Every coder's journey starts somewhere, and often one of the first stops is the basic math problem: "Is this number even or odd?" It's a rite of passage, teaching some foundational concepts, providing some quick feedback, and being just fun enough to be engaging.
First the classic approach:

bool isOdd(int number)
{
    if(number % 2 == 0)
    {
        return false;
    }
    else
    {
        return true;
    }
}
Enter fullscreen mode Exit fullscreen mode

In this version, we're checking if the number is divisible by two (the textbook definition of evenness) - no remainder, no oddness. But let's check out how a bit based solution works:

bool isOdd(int number)
{
    return number & 1;
}
Enter fullscreen mode Exit fullscreen mode

Now that's an elegant solution! No comparison, division/modulo, or jump required. A simple AND that outperforms the conventional method with ease.

What our code is doing bitwise is checking if the final bit in the number is on. In the same way that we can know a number is odd in base 10 by considering the final digit (checking if it is 1,3,5,7, or 9), we can do so in binary - but here we only have two digits to consider. If the digit is 1 then we know it to be odd, otherwise it is even. This AND statement gives us the final bit, which yields us a 1 in the case the number is odd, and a 0 otherwise. Conveniently, most languages will implicitly convert those to true and false respectively. As an exercise, you can verify this solution works even using negative numbers in two's complement!

Determining The Sign of a Number

The challenge of identifying a number's sign is as ancient as it is pervasive.
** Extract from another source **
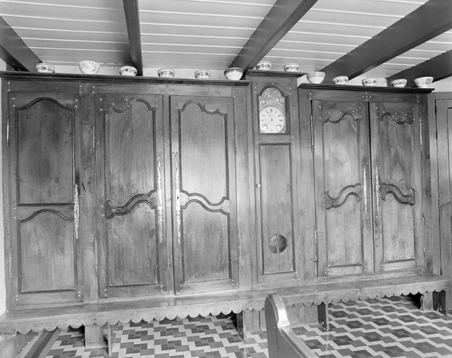 Mur nord, front des armoires 5 : armoires, horloge, "bank koste'n ti" et rangée de bols sur la corniche. (1977)Immatriculation

We often need to handle positive and negative numbers differently, requiring us to discern the sign of a given number. Let's first look at a simple modern approach.

int sign(int x)
{
    if(x < 0)
    {
        return -1;
    }
    else if(x == 0)
    {
        return 0;
    }
    return 1;
}
Enter fullscreen mode Exit fullscreen mode

This is a standard solution that's quite simple to arrive at. It's also quite long and has some if statements. Next let's look at the fastest bit based version:

int sign(int x)
{
   return x >> 31;
}
Enter fullscreen mode Exit fullscreen mode
Introducing The Right Shift Operator (>>): A shift operator is one the most simplistic operations our computer can do. It simply takes all of the bits in a number and moves them to the left. An arithmetic shift (the kind we use) also copies the neighbor bit when we add new digits. Let's look at an example:
00101010 >> 1  = 00010101 - move all of our bits to the right one space
10110101 >> 3  = 11110110 - move all of our bits to the left three spaces - note because a 1 was in the leftmost spot our 3 new digits to the left are also 1.
Enter fullscreen mode Exit fullscreen mode

Remarkably simple isn't it? This solution relies on certain conditions to work: it requires the int to be 32 bits, and for the most significant bit (left-most bit) to represent the sign of the number. Given that most modern languages utilize the arithmetic shift, when a new bit is added to one side it replicates the adjacent bit. Thus, if x is negative, the resultant number will in binary be thirty-two 1s in binary, translating to -1 due to two's complement representation. If x is non-negative, then the leftmost bit is 0 and all new bits given by the shift operation also become 0, leaving us with 0. So, if x is negative this code returns -1; otherwise it returns 0. As compact and efficient as this solution may be, it's important to note its underlying assumptions and that it doesn't return 1 when the number is positive, unlike our initial solution.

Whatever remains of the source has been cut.